* Problem details
Print the lines from the one containing "Teknologi Photocatalytic Oxidation" through the end of the listing below, exactly as written. Any pictures stay out.

┌─ Given material

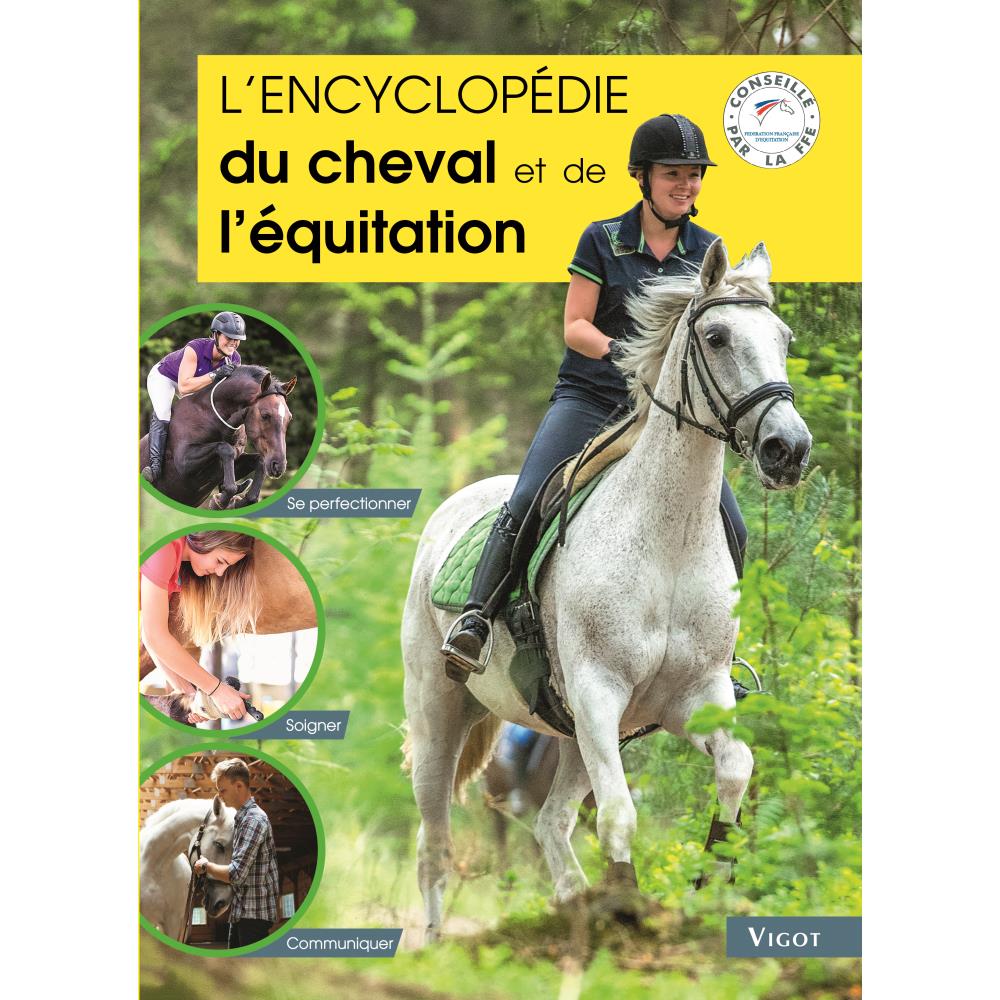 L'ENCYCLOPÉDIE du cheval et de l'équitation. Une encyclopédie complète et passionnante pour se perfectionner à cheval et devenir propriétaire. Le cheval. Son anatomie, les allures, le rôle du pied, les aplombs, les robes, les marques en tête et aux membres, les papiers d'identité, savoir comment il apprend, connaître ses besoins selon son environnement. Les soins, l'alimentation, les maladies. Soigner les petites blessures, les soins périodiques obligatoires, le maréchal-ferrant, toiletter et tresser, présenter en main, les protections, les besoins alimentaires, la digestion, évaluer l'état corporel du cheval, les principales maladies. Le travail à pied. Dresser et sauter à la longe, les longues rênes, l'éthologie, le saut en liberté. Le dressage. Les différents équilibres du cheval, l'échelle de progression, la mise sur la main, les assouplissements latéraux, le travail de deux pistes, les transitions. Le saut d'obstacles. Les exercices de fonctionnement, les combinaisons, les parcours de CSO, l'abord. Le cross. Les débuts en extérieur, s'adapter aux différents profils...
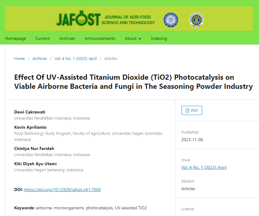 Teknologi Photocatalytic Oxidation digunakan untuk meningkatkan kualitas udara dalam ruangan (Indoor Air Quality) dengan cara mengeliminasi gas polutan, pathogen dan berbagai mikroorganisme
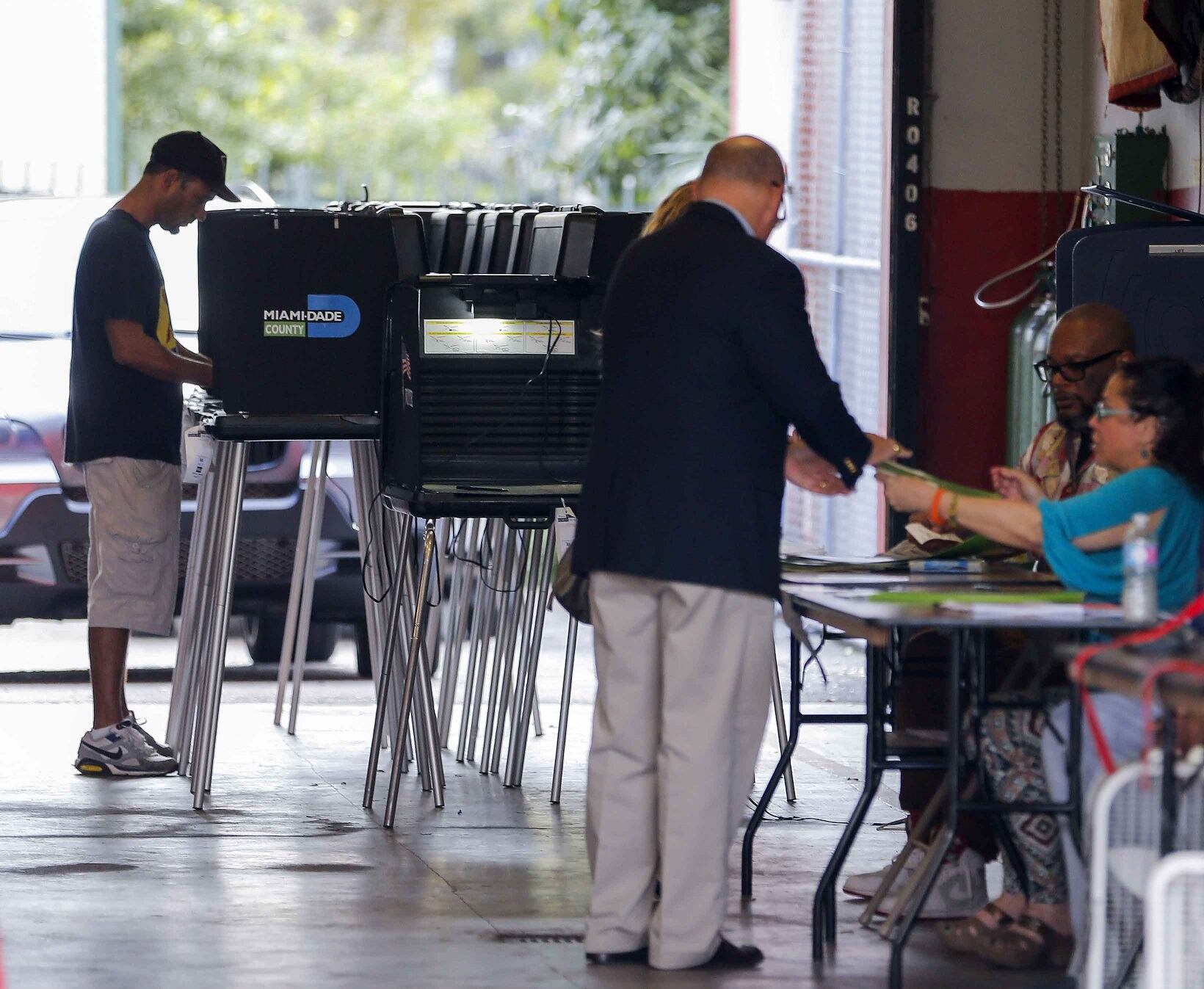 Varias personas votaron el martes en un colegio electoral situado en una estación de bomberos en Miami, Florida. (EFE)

└─

* Task response
 Teknologi Photocatalytic Oxidation digunakan untuk meningkatkan kualitas udara dalam ruangan (Indoor Air Quality) dengan cara mengeliminasi gas polutan, pathogen dan berbagai mikroorganisme
 Varias personas votaron el martes en un colegio electoral situado en una estación de bomberos en Miami, Florida. (EFE)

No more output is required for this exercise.